To administer such a strike, though, you need to deliver the blow so that a highly vulnerable vital area is sufficiently damaged. That will, typically, be a target on the head or throat(groin and abdomen strikes could in principle have the same effect, but these tend to be harder to get clear access to). And to deliver the necessary force to such points on the attacker's upper body, you have to utilize set-up moves which force the attacker's head into a lower close-range position while depriving him of the usual protections available for such targets. This means trapping and controlling movements, pins and throws, prior to the crushing terminal strike to the larynx, or temple or other upper-body target.

That's where the grappling/controlling moves that are so widely recognized as part of Okinawan karate come in. And the really good, realistic bunkai for kata, as a couple of people have already noted, make it clear that a typical combat interpretatation of a `minimal combat subsequence' usually involves three or four steps which lead, inevitably, no matter how noncompliant the attacker is,  to the finishing destructive move.

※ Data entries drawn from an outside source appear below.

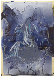
KATHIA ST HILAIRE Her Soil is Her Fortune #3 , 2020 oil based ink, gamsol, and enamel on mylar 18 x 12.625 inches (Inv# KS_8265)
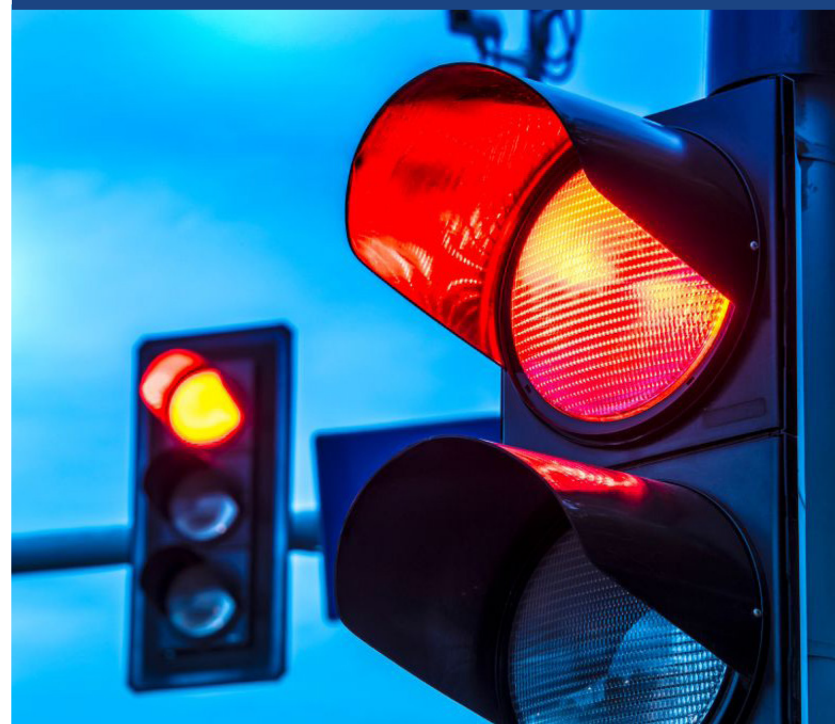
▼ Signal Retiming
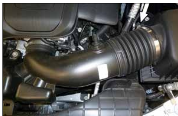
4. Loosen the hose clamp that secures the intake tube to the air filter housing.
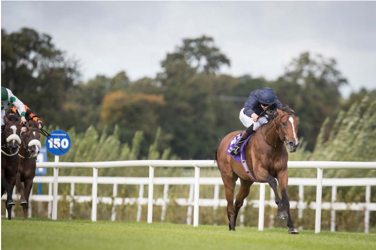
Nelson striding clear gives Frankel another stakes winner | Racing Post

Even with just two crops of racing age, Frankel is starting to live up to his extraordinary reputation. Yes, we're still waiting for that first Group 1 winner in Europe and if Juddmonte would just withdraw Enable perhaps that would come in the form of Cracksman in the Arc. But joking aside, three stakes winners in three days this week in America, Ireland and France is not to be sniffed at, while the emergence of some exciting juveniles has added lustre to his second crop.
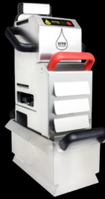
VITO® 50 up to 20 Litres
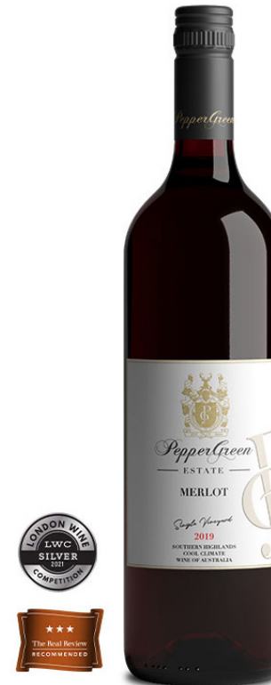
2019 Merlot Single Vineyard RRP $30

Pale red purple with a fragrant red cherry, red currant nose. A supple wine with plum red fruits finishing with a brush of soft tannin and refreshing acidity.
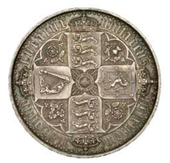
297 'Gothic' Crown, 1847, edge UNDECIMO (ESC 2571 [288]; $ 3883). Fields lightly hairlined, otherwise about extremely fine, dark-toned £2,000-£2,600
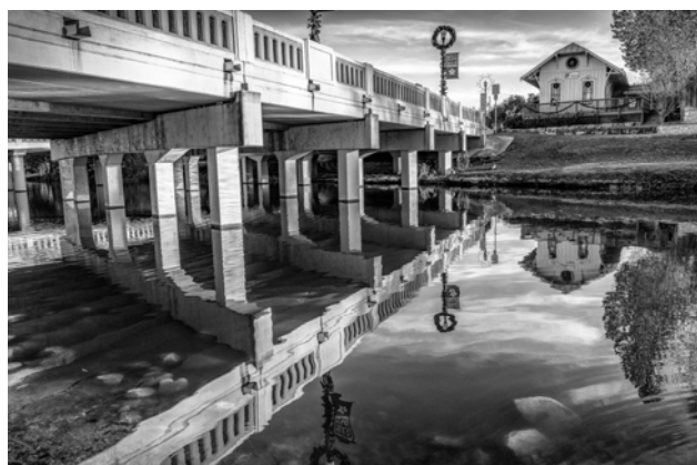
MONOCHROME “Reflections In Boerne” Peter Florczak
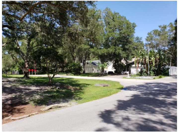
East of the subject property
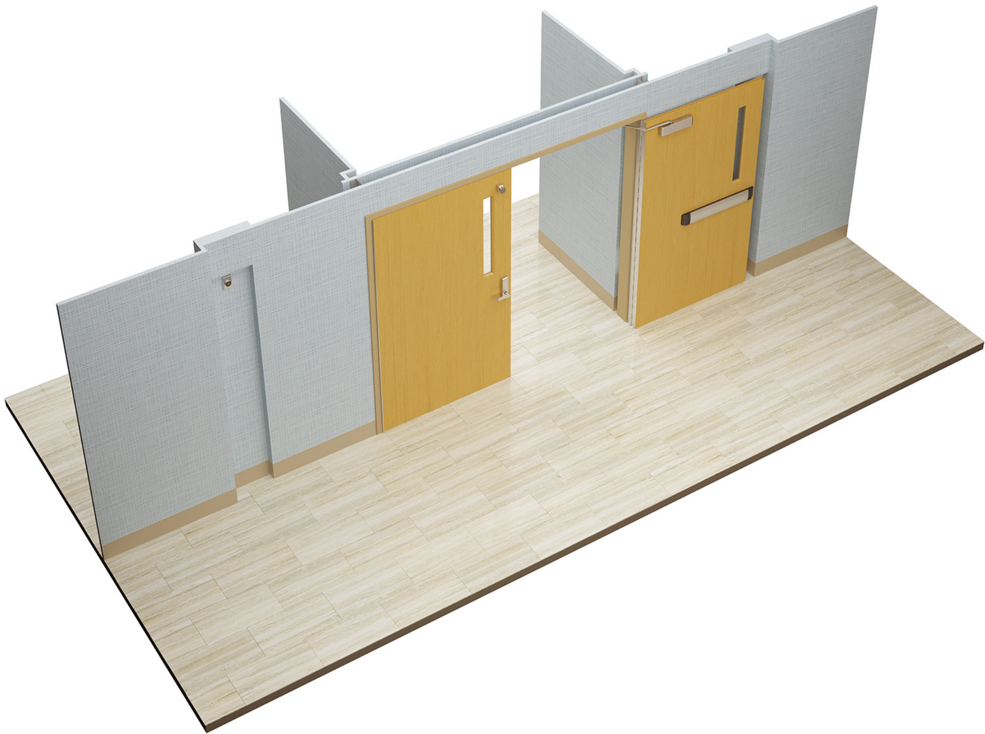
INPACT SYSTEM SET P4 (drawing uses 711BSC Beveled swing clear continuous hinge; image P3 shown using 700 stainless pin & barrel continuous hinge)
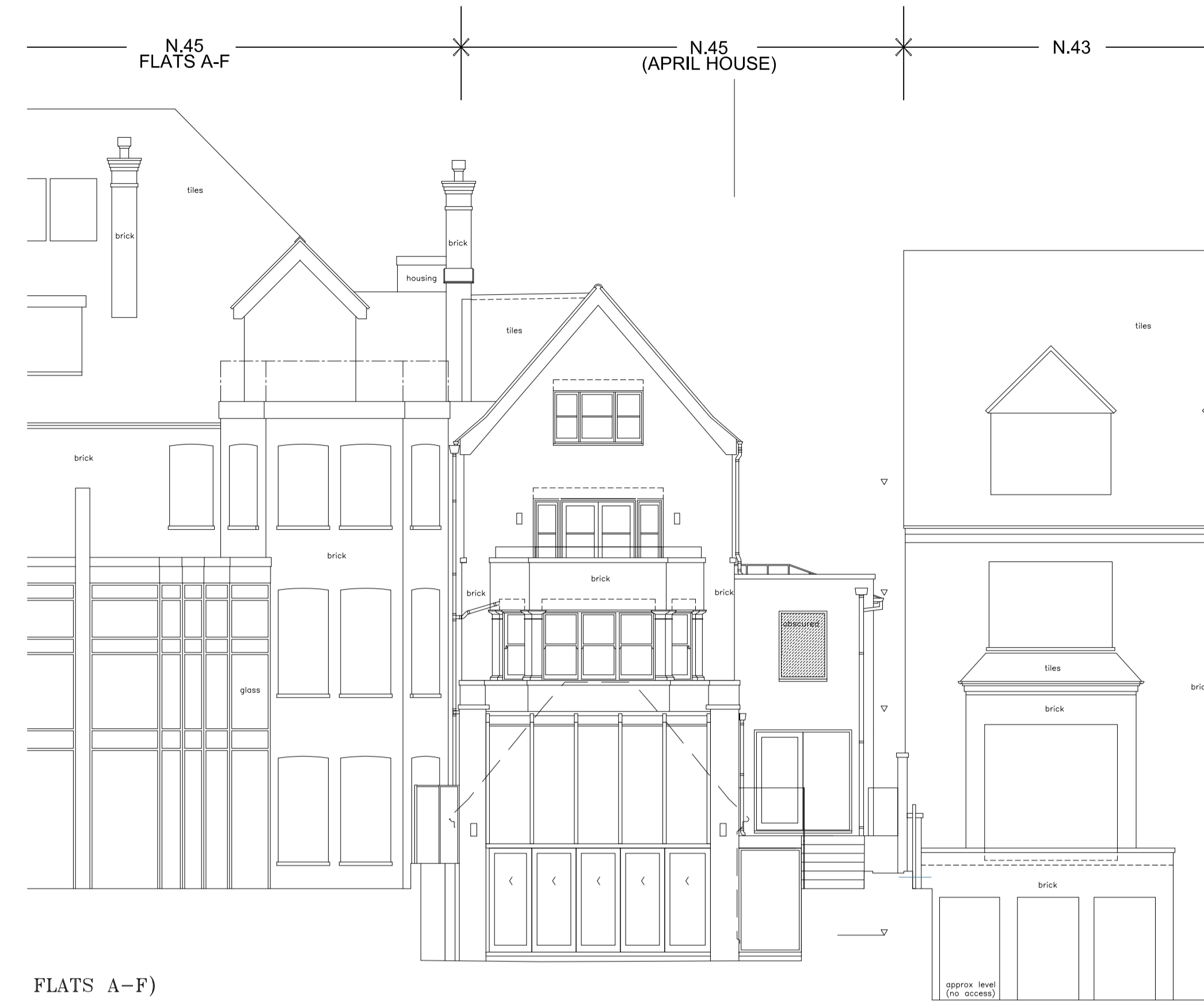
2 REAR (west) ELEVATION

But I don't see this as incompatible with the `one strike/one kill' idea, as long as we understand that the slogan is telling you to exploit the biomechanical possibilities to set up a situation, through the use of forcing moves, where a single strike can be delivered that will damage your attacker past the point where he can stand, much less continue the fight...


----------



## SL4Drew

Danjo said:


> Was this against a static or moving person wearing the armor? Was the wearer trying to hit him with a sword at the time?


 
Static. And no sword. I don't really know to what extent they trained it in their classes. I knew him for years and all his senior students were the kind that would run through brick walls--headfirst. As aside, he did tell me some of the training he underwent when he was younger, he felt was unnecessary nowadays.


----------



## kidswarrior

I've struggled with this slogan, too. I don't worry too much over the history of the thing--it was what it was, and whatever that was got lost in translation (by the time it got to me). 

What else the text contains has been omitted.